THE PROBLEM
Through to the final line, write out the records below exactly, omitting any images they contain.

EXCERPTED RECORDS
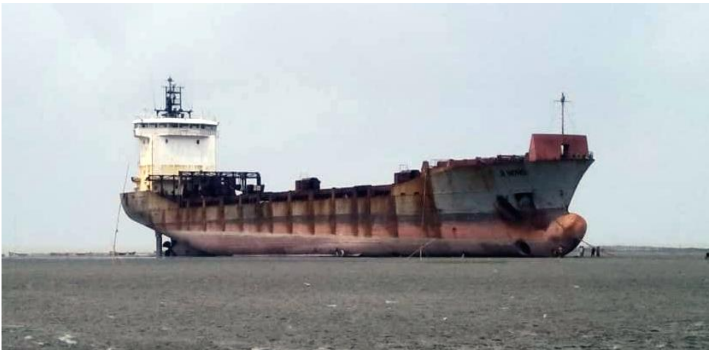
JI HONG, ex BANJAARD op het strand te Chattogram, foto: Fazlur Rahman

2021 verkocht voor sloop naar Bangladesh. 9-3-2021 van Fuzhou naar Chittagong. 22-3-2021 op Chittagong (Chattogram) Anchorage. 31-3-2021 te Chittagong op het strand gezet om gesloopt te worden. (Foto: R.P. van de Wetering, 20-10-2005).
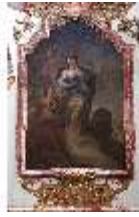
KemRes.II, Tagzimmer, Ölgemälde Kardinaltugend, DI015560, BSV-
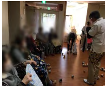
無事に鬼は退治できました♡♡

2021年2月3日ハートホーム東野で節分の豆まきをしました。皆さん手作りの豆を持って準備万端です。「鬼は外！福は内！」の掛け声で鬼に豆をぶつけます。
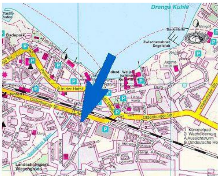
In direkter Nähe: Kurpark, Restaurants, Supermärkte, Bahnhof
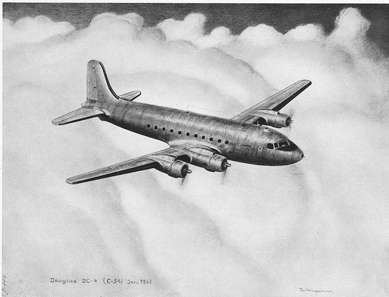
Le quadrimoteur Douglas DC-4, avion de transport militaire le plus utilisé par les Américains pour survoler l'Atlantique du Nord. — Die viermotorige Douglas DC-4, das vom amerikanischen Militärtransportsystem auf dem Nordatlantik am häufigsten eingesetzte Großflugzeug.

Nach einer Zeichnung von Th. Heimgartner
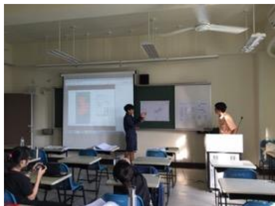
熱帶綠建築實務課程教學活動現場場
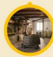
Museo dell'Olio di Oliva
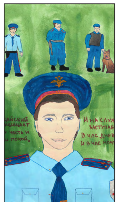
Конкурсная работа прошлого года
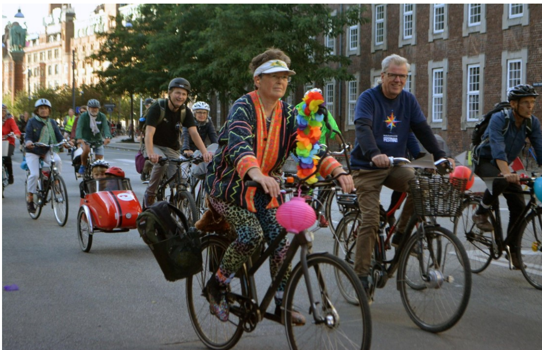
Cykelparaden under Bike Pride

Miljøpunkt Amager var medarrangør på Bike Pride som var en cykelfest og en cykelparade i forbindelse med åbning af Kulturhavn Festival 2018. Miljøpunkt Amager deltog i planlægningen og havde en bod på cykelfestpladsen hvor deltagerne kunne pimpe deres cykel med genbrugsmaterialer.
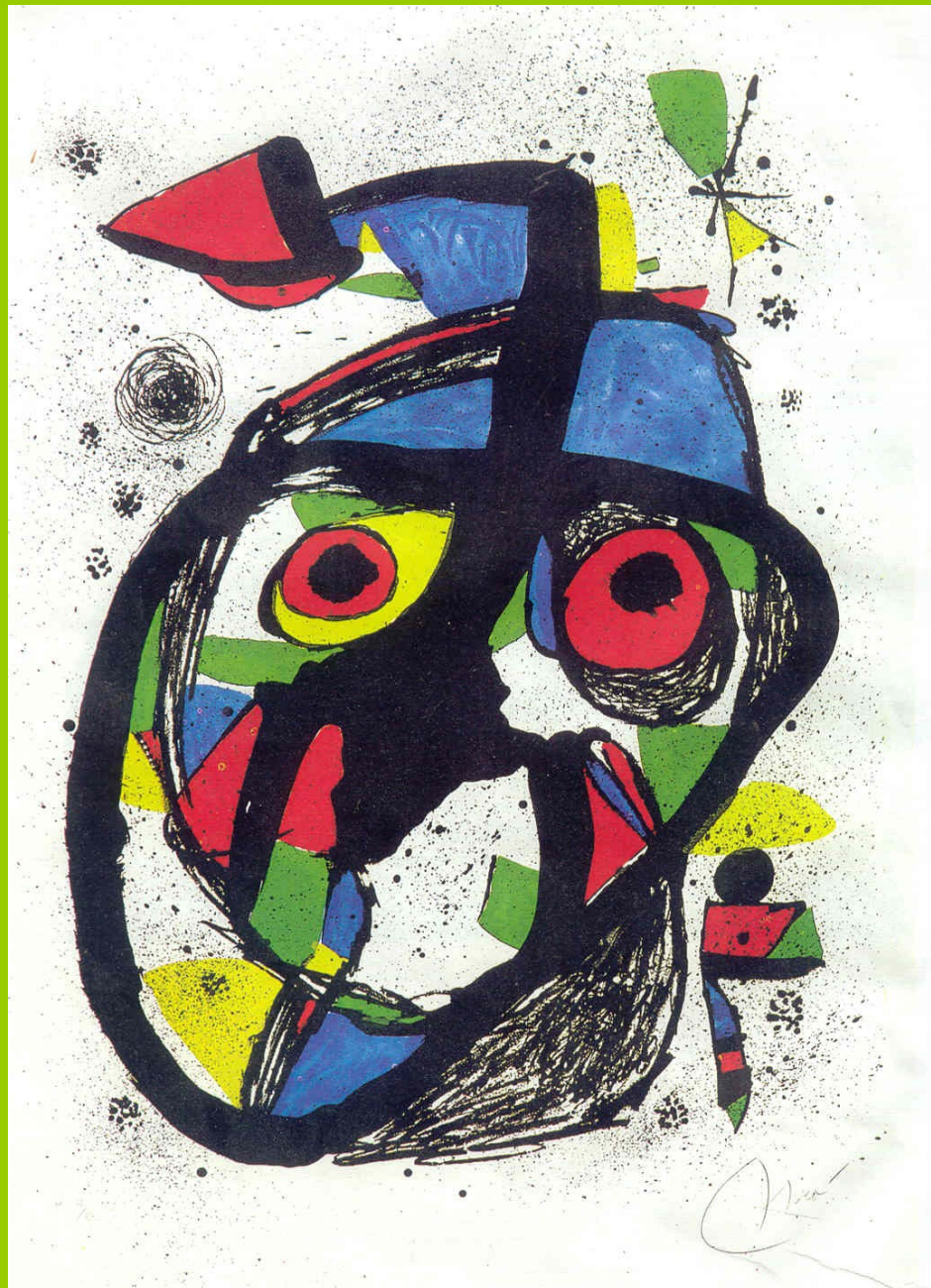
Jean Miró (Španělský - Katalánský umělec)
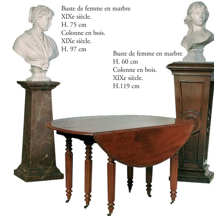
Buste de femme en marbre XIX e siècle. H. 75 cm Colonne en bois. XIX e siècle. H. 97 cm
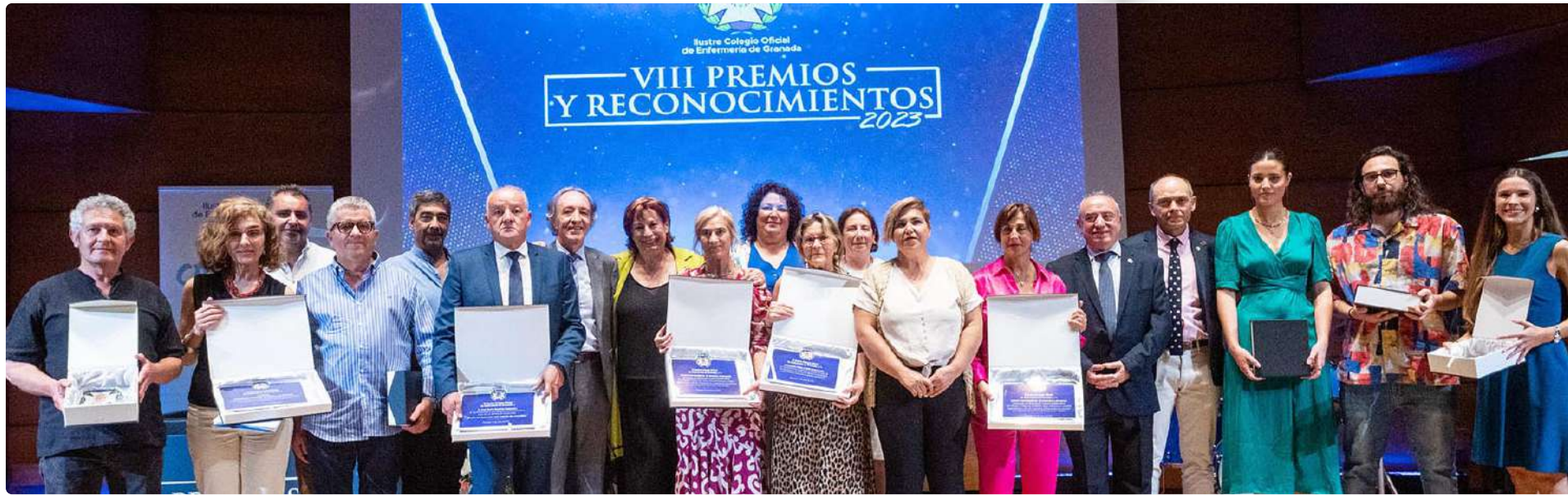
Foto de familia con los premiados de la VIII gala de Premios y Reconocimientos
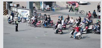
停车位置远远越过停车线
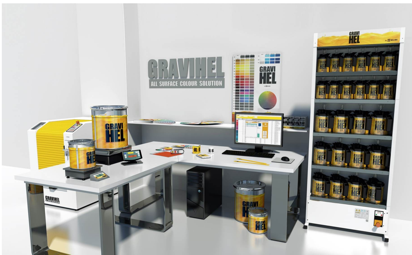
GraviHEL to profesjonalny system wiążący do mieszanin dla drobnego rzemiosła, składający się z 23 uniwersalnych past (3
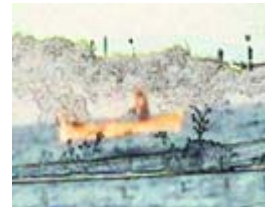
Sous-perposé (Programme 2)

Sous-perposé ( Sous-perposé ), de Jean-Luc Aimé ( France/Grèce , 2008, 17 mn).
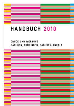
Handbuch 2010 Druck und Werbung Sachsen, Thüringen, Sachsen-Anhalt
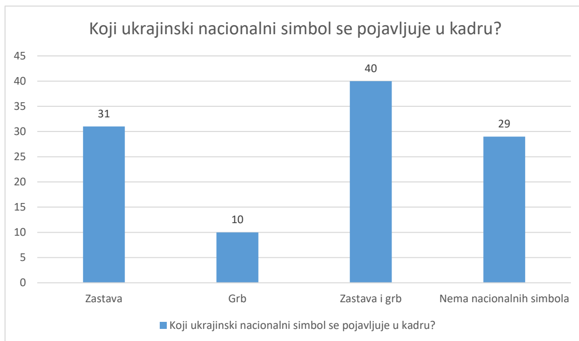
4. Graf 3: NACIONALNI SIMBOLI

Od 81 videozapisa u kojem su uočeni ukrajinski nacionalni simboli, u njih 31 riječ je o ukrajinskoj zastavi. U deset videa istaknut nacionalni simbol je ukrajinski grb, dok se u čak 40 videozapisa istovremeno u kadru pojavljuju i ukrajinska zastava i ukrajinski grb.

OUTPUT
JI HONG, ex BANJAARD op het strand te Chattogram, foto: Fazlur Rahman

2021 verkocht voor sloop naar Bangladesh. 9-3-2021 van Fuzhou naar Chittagong. 22-3-2021 op Chittagong (Chattogram) Anchorage. 31-3-2021 te Chittagong op het strand gezet om gesloopt te worden. (Foto: R.P. van de Wetering, 20-10-2005).
KemRes.II, Tagzimmer, Ölgemälde Kardinaltugend, DI015560, BSV-
無事に鬼は退治できました♡♡

2021年2月3日ハートホーム東野で節分の豆まきをしました。皆さん手作りの豆を持って準備万端です。「鬼は外！福は内！」の掛け声で鬼に豆をぶつけます。
In direkter Nähe: Kurpark, Restaurants, Supermärkte, Bahnhof
Le quadrimoteur Douglas DC-4, avion de transport militaire le plus utilisé par les Américains pour survoler l'Atlantique du Nord. — Die viermotorige Douglas DC-4, das vom amerikanischen Militärtransportsystem auf dem Nordatlantik am häufigsten eingesetzte Großflugzeug.

Nach einer Zeichnung von Th. Heimgartner
熱帶綠建築實務課程教學活動現場場
Museo dell'Olio di Oliva
Конкурсная работа прошлого года
Cykelparaden under Bike Pride

Miljøpunkt Amager var medarrangør på Bike Pride som var en cykelfest og en cykelparade i forbindelse med åbning af Kulturhavn Festival 2018. Miljøpunkt Amager deltog i planlægningen og havde en bod på cykelfestpladsen hvor deltagerne kunne pimpe deres cykel med genbrugsmaterialer.
Jean Miró (Španělský - Katalánský umělec)
Buste de femme en marbre XIX e siècle. H. 75 cm Colonne en bois. XIX e siècle. H. 97 cm
Foto de familia con los premiados de la VIII gala de Premios y Reconocimientos
停车位置远远越过停车线
GraviHEL to profesjonalny system wiążący do mieszanin dla drobnego rzemiosła, składający się z 23 uniwersalnych past (3
Sous-perposé (Programme 2)

Sous-perposé ( Sous-perposé ), de Jean-Luc Aimé ( France/Grèce , 2008, 17 mn).
Handbuch 2010 Druck und Werbung Sachsen, Thüringen, Sachsen-Anhalt
4. Graf 3: NACIONALNI SIMBOLI

Od 81 videozapisa u kojem su uočeni ukrajinski nacionalni simboli, u njih 31 riječ je o ukrajinskoj zastavi. U deset videa istaknut nacionalni simbol je ukrajinski grb, dok se u čak 40 videozapisa istovremeno u kadru pojavljuju i ukrajinska zastava i ukrajinski grb.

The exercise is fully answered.